Bypassing JWT authentication through jku header injection

JSON Web Tokens (JWTs) represent a standardized framework for the secure transmission of cryptographically signed JSON data between systems. While JWTs have the capacity to encapsulate diverse types of data, their predominant application lies in conveying user-related information, or “claims,” which facilitate authentication, session management, and access control mechanisms.

In contrast to traditional session tokens, JWTs encapsulate all requisite data on the client side within the token itself. This architectural advantage renders JWTs especially advantageous for highly distributed web platforms, enabling seamless user interactions across multiple back-end servers.

A JWT consists of 3 parts: a header, a payload, and a signature.
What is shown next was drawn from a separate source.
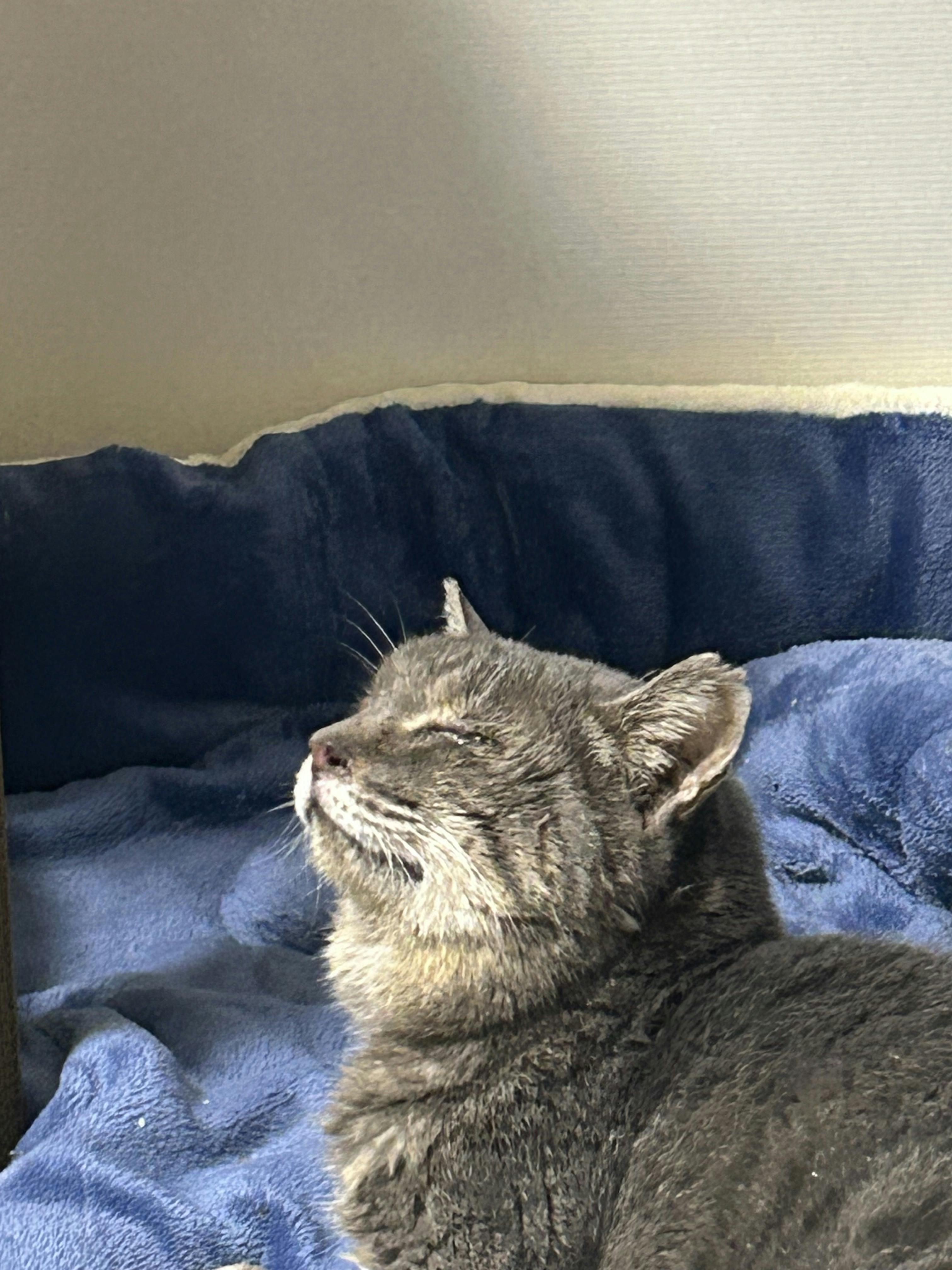 かなりの高年齢です。長い長い年月,外で生きてきました。フード下さる方に恵まれて地域猫として生きてきました。

These are each separated by a dot.

xxxxx.yyyyy.zzzzz

The header typically consists of two parts: the type of the token, which is JWT, and the signing algorithm being used, such as HMAC SHA256 or RSA.

For example:

{
  "alg": "HS256",
  "typ": "JWT"
}

Then, this JSON is Base64Url encoded to form the first part of the JWT.

Payload#

The second part of the token is the payload, which contains the claims. Claims are statements about an entity (typically, the user) and additional data. There are three types of claims: registered, public, and private claims.

An example payload could be:

{
  "sub": "8261290123",
  "name": "Kiko",
  "admin": true
}

The payload is then Base64Url encoded to form the second part of the JSON Web Token.

Signature#

To create the signature part you have to take the encoded header, the encoded payload, a secret, the algorithm specified in the header, and sign that.

For example if you want to use the HMAC SHA256 algorithm, the signature will be created in the following way:

HMACSHA256(
  base64UrlEncode(header) + "." +
  base64UrlEncode(payload),
  secret)

The signature is used to verify the message wasn’t changed along the way, and, in the case of tokens signed with a private key, it can also verify that the sender of the JWT is who it says it is.

Public and Private keys#

Public and Private keys play a crucial role in ensuring the security and integrity of the data transmitted between systems. This mechanism typically involves asymmetric cryptography, where a pair of keys—one public and one private—are used.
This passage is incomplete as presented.